Start of Exercise input
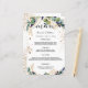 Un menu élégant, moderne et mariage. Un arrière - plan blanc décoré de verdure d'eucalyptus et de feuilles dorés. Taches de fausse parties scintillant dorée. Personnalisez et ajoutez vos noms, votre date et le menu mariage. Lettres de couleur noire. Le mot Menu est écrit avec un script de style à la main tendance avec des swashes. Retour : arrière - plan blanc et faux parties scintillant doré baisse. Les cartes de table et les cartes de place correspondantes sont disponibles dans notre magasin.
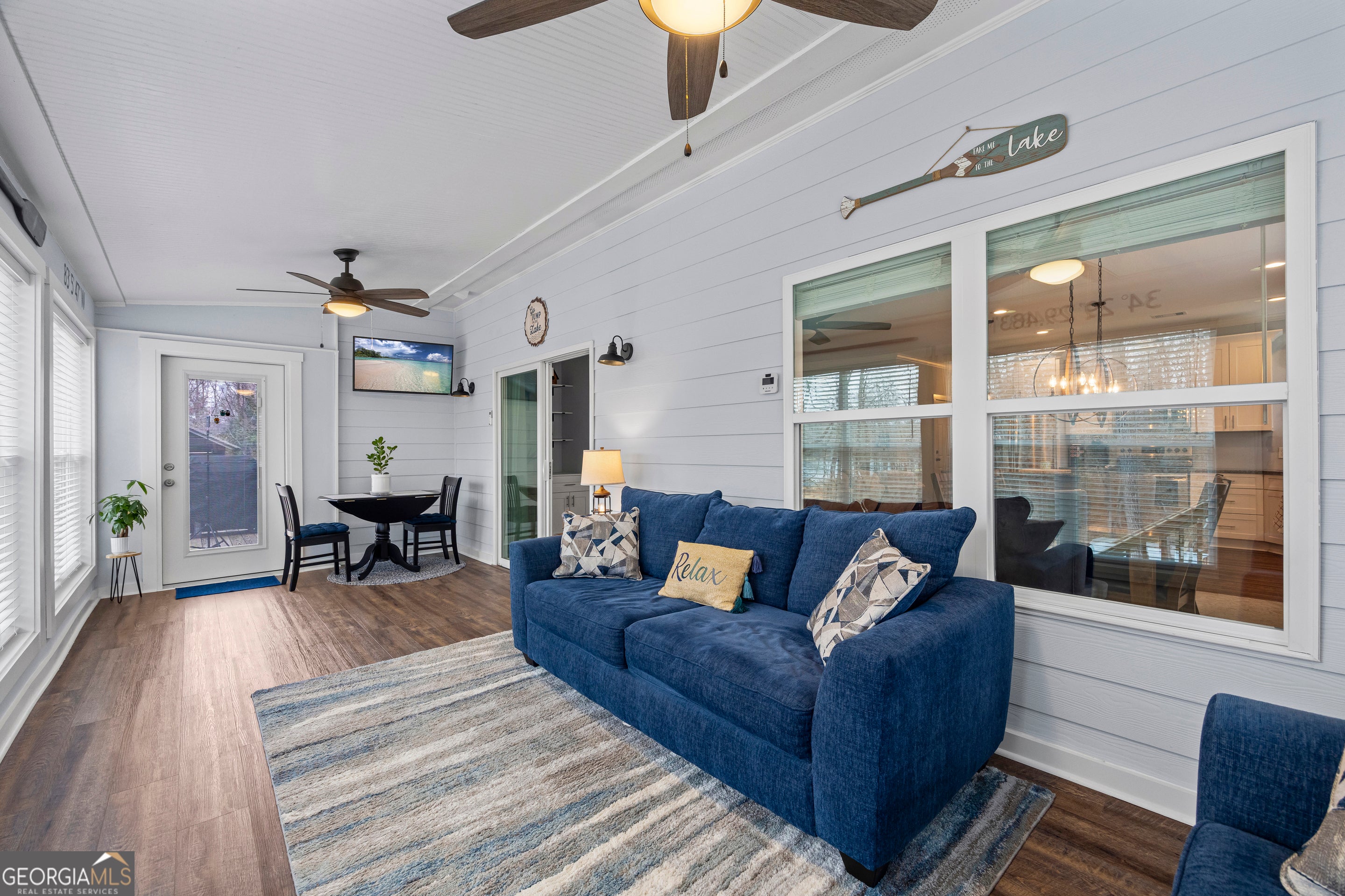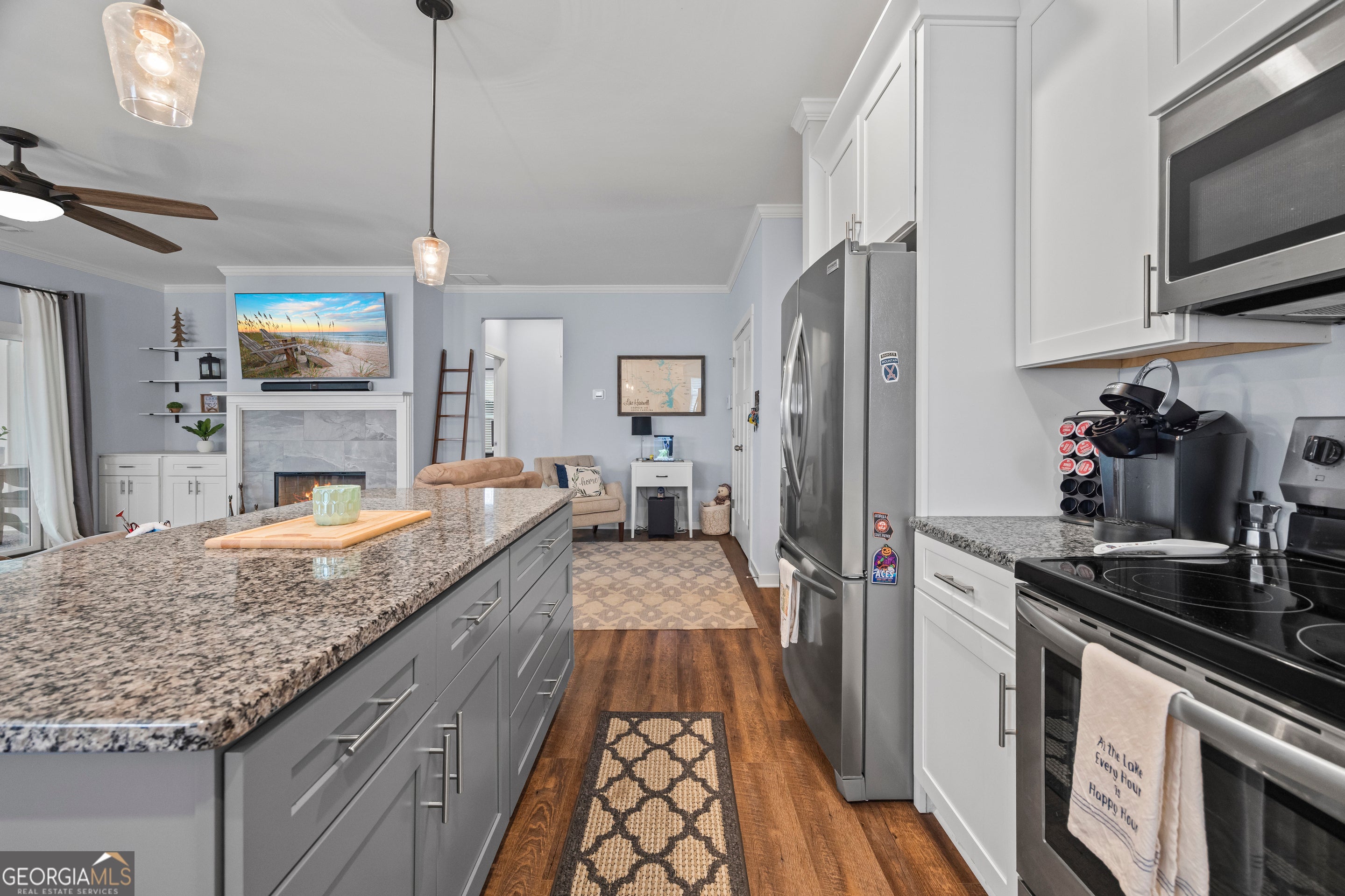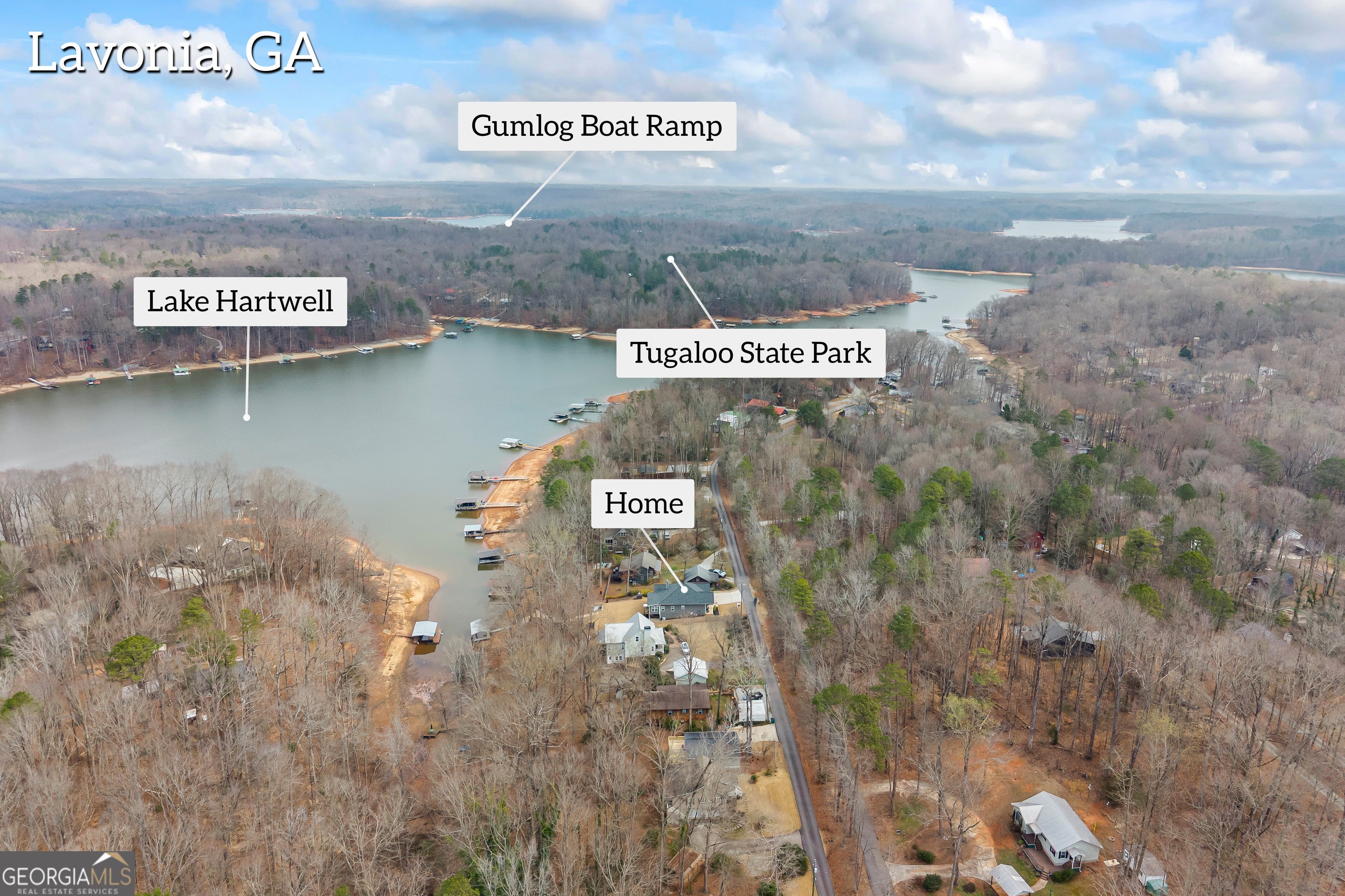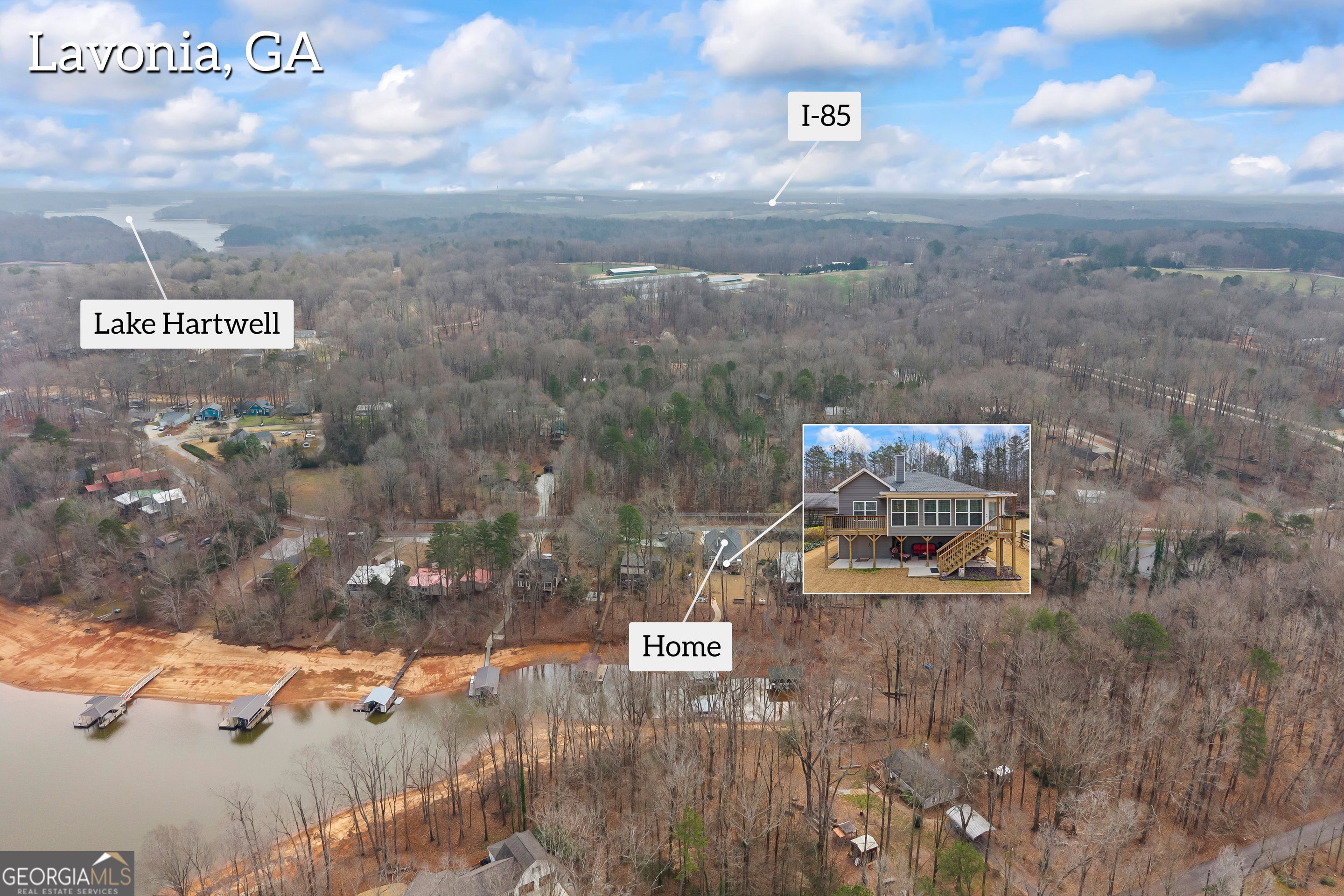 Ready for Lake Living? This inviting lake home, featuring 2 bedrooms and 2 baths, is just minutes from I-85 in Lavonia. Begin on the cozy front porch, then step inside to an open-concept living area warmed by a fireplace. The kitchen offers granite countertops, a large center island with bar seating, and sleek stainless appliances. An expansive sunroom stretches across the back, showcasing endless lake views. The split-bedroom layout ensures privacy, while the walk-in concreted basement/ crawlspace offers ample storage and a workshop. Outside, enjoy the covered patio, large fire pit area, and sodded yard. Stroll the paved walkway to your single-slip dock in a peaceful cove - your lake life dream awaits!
End of Exercise input
Start of Exercise input
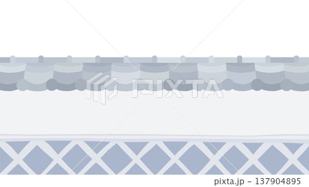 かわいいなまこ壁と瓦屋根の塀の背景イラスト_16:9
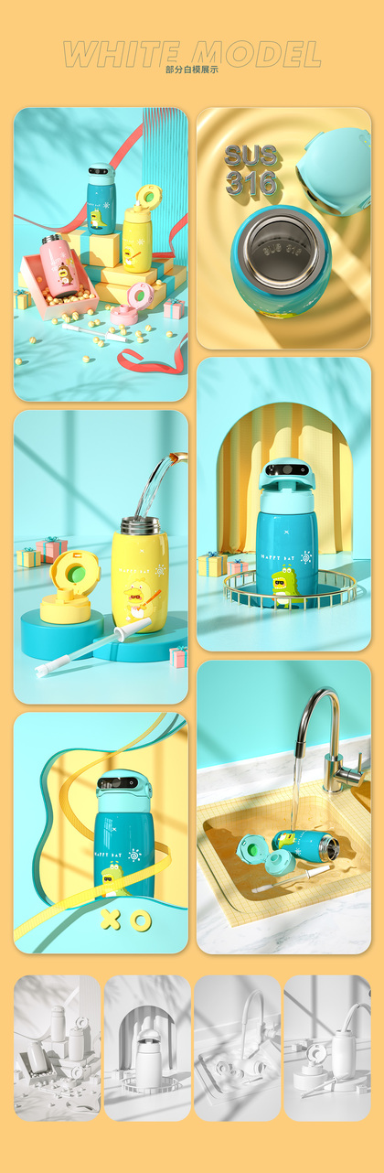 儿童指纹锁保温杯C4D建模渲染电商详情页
End of Exercise input
Try it: Out of the records above, please copy exactly the lines from the line with "Un menu élégant, moderne" up to and including the line with "Ready for Lake", minus the pictures.

Task output:
 Un menu élégant, moderne et mariage. Un arrière - plan blanc décoré de verdure d'eucalyptus et de feuilles dorés. Taches de fausse parties scintillant dorée. Personnalisez et ajoutez vos noms, votre date et le menu mariage. Lettres de couleur noire. Le mot Menu est écrit avec un script de style à la main tendance avec des swashes. Retour : arrière - plan blanc et faux parties scintillant doré baisse. Les cartes de table et les cartes de place correspondantes sont disponibles dans notre magasin.
 Ready for Lake Living? This inviting lake home, featuring 2 bedrooms and 2 baths, is just minutes from I-85 in Lavonia. Begin on the cozy front porch, then step inside to an open-concept living area warmed by a fireplace. The kitchen offers granite countertops, a large center island with bar seating, and sleek stainless appliances. An expansive sunroom stretches across the back, showcasing endless lake views. The split-bedroom layout ensures privacy, while the walk-in concreted basement/ crawlspace offers ample storage and a workshop. Outside, enjoy the covered patio, large fire pit area, and sodded yard. Stroll the paved walkway to your single-slip dock in a peaceful cove - your lake life dream awaits!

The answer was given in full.